Give the data again exactly as it appears.

(Stored items)
· · · · · · ·

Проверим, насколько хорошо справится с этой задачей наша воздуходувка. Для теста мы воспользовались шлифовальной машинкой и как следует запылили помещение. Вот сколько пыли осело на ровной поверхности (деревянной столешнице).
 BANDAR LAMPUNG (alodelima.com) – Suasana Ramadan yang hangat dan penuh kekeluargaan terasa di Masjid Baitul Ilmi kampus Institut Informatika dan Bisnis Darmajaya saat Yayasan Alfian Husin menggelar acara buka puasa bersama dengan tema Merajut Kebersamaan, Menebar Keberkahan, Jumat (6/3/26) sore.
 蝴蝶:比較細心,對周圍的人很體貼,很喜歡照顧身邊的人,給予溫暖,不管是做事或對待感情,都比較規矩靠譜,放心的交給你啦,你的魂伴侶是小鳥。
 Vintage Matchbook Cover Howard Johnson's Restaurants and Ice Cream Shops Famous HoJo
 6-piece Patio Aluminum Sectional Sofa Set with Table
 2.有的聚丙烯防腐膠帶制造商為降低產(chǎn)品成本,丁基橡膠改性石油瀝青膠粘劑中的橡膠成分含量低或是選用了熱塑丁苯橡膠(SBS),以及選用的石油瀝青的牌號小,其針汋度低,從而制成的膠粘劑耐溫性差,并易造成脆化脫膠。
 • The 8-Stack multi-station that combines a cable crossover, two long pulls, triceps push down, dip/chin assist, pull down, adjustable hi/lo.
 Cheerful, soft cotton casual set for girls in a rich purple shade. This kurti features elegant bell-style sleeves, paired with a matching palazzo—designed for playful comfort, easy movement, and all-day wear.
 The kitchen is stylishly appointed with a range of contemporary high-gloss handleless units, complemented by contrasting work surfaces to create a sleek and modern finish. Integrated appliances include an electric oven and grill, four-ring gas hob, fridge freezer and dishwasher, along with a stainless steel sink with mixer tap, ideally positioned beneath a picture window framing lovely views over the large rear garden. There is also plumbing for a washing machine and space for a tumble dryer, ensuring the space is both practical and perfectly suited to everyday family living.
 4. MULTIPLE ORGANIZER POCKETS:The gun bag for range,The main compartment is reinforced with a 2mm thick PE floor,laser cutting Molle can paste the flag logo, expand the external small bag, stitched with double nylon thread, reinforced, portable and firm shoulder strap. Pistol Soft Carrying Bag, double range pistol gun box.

· · · · · · ·

--- Answer space ---
Проверим, насколько хорошо справится с этой задачей наша воздуходувка. Для теста мы воспользовались шлифовальной машинкой и как следует запылили помещение. Вот сколько пыли осело на ровной поверхности (деревянной столешнице).
 BANDAR LAMPUNG (alodelima.com) – Suasana Ramadan yang hangat dan penuh kekeluargaan terasa di Masjid Baitul Ilmi kampus Institut Informatika dan Bisnis Darmajaya saat Yayasan Alfian Husin menggelar acara buka puasa bersama dengan tema Merajut Kebersamaan, Menebar Keberkahan, Jumat (6/3/26) sore.
 蝴蝶:比較細心,對周圍的人很體貼,很喜歡照顧身邊的人,給予溫暖,不管是做事或對待感情,都比較規矩靠譜,放心的交給你啦,你的魂伴侶是小鳥。
 Vintage Matchbook Cover Howard Johnson's Restaurants and Ice Cream Shops Famous HoJo
 6-piece Patio Aluminum Sectional Sofa Set with Table
 2.有的聚丙烯防腐膠帶制造商為降低產(chǎn)品成本,丁基橡膠改性石油瀝青膠粘劑中的橡膠成分含量低或是選用了熱塑丁苯橡膠(SBS),以及選用的石油瀝青的牌號小,其針汋度低,從而制成的膠粘劑耐溫性差,并易造成脆化脫膠。
 • The 8-Stack multi-station that combines a cable crossover, two long pulls, triceps push down, dip/chin assist, pull down, adjustable hi/lo.
 Cheerful, soft cotton casual set for girls in a rich purple shade. This kurti features elegant bell-style sleeves, paired with a matching palazzo—designed for playful comfort, easy movement, and all-day wear.
 The kitchen is stylishly appointed with a range of contemporary high-gloss handleless units, complemented by contrasting work surfaces to create a sleek and modern finish. Integrated appliances include an electric oven and grill, four-ring gas hob, fridge freezer and dishwasher, along with a stainless steel sink with mixer tap, ideally positioned beneath a picture window framing lovely views over the large rear garden. There is also plumbing for a washing machine and space for a tumble dryer, ensuring the space is both practical and perfectly suited to everyday family living.
 4. MULTIPLE ORGANIZER POCKETS:The gun bag for range,The main compartment is reinforced with a 2mm thick PE floor,laser cutting Molle can paste the flag logo, expand the external small bag, stitched with double nylon thread, reinforced, portable and firm shoulder strap. Pistol Soft Carrying Bag, double range pistol gun box.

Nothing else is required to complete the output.